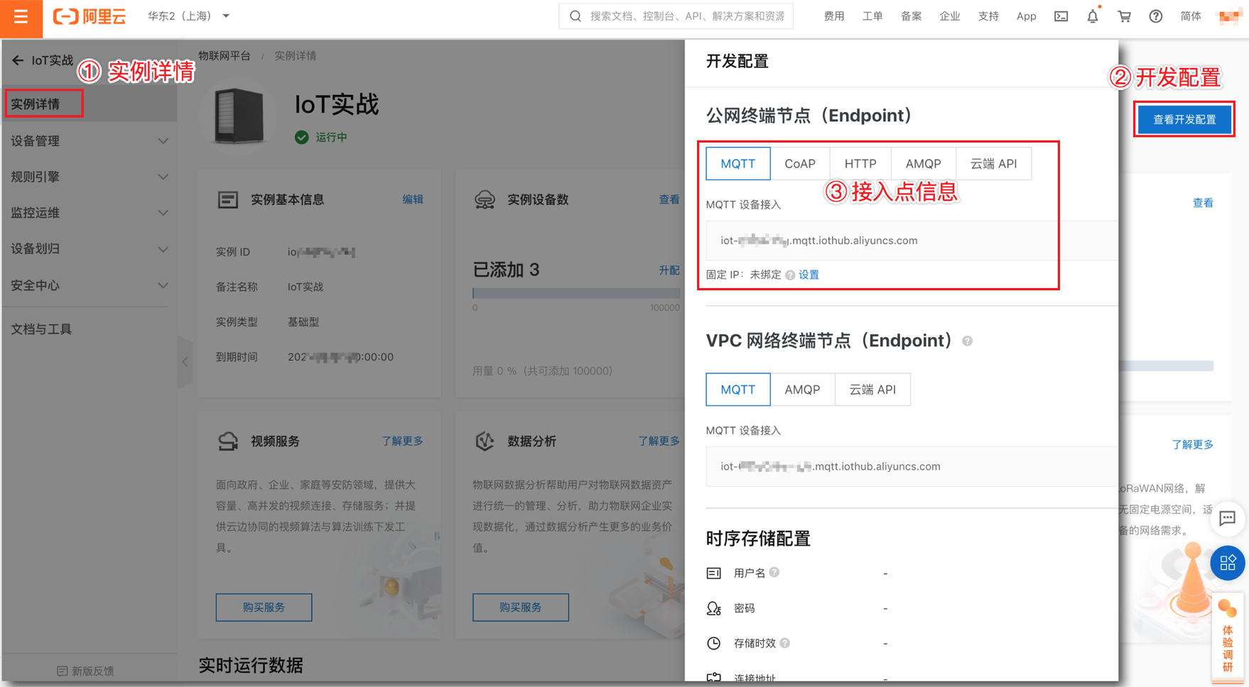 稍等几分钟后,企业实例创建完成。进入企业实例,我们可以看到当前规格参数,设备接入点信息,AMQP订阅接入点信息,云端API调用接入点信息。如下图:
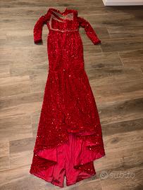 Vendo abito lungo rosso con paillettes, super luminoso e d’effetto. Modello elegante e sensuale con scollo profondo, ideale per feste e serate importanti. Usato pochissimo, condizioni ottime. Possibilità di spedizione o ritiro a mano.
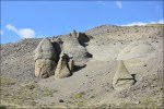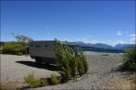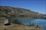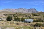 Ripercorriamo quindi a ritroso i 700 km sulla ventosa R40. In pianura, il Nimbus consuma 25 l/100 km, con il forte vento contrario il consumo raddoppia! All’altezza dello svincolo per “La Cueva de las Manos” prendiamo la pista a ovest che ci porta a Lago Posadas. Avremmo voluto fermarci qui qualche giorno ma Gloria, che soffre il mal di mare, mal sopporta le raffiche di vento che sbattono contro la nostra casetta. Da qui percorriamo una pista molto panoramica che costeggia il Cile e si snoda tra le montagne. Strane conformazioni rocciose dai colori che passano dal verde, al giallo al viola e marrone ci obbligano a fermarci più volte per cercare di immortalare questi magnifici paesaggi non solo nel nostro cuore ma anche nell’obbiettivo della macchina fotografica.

...

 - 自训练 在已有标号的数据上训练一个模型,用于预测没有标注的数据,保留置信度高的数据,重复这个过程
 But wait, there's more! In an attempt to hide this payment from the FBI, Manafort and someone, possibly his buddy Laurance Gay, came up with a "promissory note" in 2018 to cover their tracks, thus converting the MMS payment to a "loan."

--

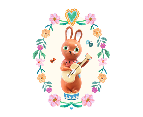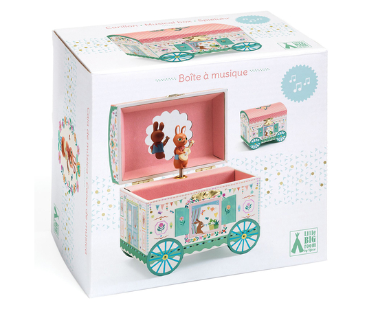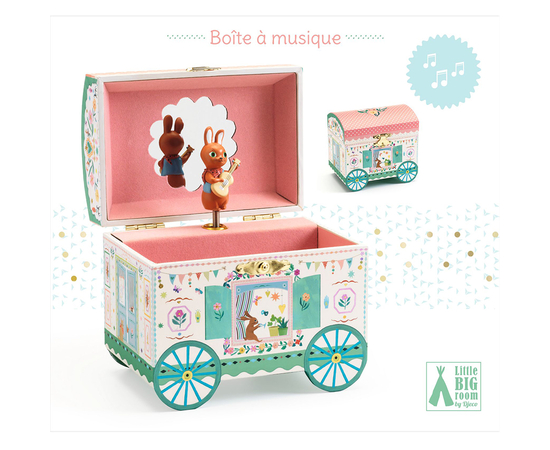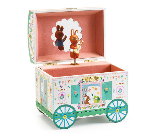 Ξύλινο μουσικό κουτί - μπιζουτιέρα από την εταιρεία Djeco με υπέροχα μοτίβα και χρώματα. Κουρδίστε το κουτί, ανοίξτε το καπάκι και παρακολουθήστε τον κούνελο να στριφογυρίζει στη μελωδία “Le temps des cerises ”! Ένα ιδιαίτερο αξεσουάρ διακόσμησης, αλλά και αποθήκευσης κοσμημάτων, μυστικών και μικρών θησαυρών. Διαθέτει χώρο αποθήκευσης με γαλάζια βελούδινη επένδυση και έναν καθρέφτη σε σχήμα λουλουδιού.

Your task: Print, exactly and with no pictures, the lines of the listing above starting at the one that has "Vendo abito lungo" and ending at the one that has "Ripercorriamo quindi a", both included.

Result of the task:
 Vendo abito lungo rosso con paillettes, super luminoso e d’effetto. Modello elegante e sensuale con scollo profondo, ideale per feste e serate importanti. Usato pochissimo, condizioni ottime. Possibilità di spedizione o ritiro a mano.
 Ripercorriamo quindi a ritroso i 700 km sulla ventosa R40. In pianura, il Nimbus consuma 25 l/100 km, con il forte vento contrario il consumo raddoppia! All’altezza dello svincolo per “La Cueva de las Manos” prendiamo la pista a ovest che ci porta a Lago Posadas. Avremmo voluto fermarci qui qualche giorno ma Gloria, che soffre il mal di mare, mal sopporta le raffiche di vento che sbattono contro la nostra casetta. Da qui percorriamo una pista molto panoramica che costeggia il Cile e si snoda tra le montagne. Strane conformazioni rocciose dai colori che passano dal verde, al giallo al viola e marrone ci obbligano a fermarci più volte per cercare di immortalare questi magnifici paesaggi non solo nel nostro cuore ma anche nell’obbiettivo della macchina fotografica.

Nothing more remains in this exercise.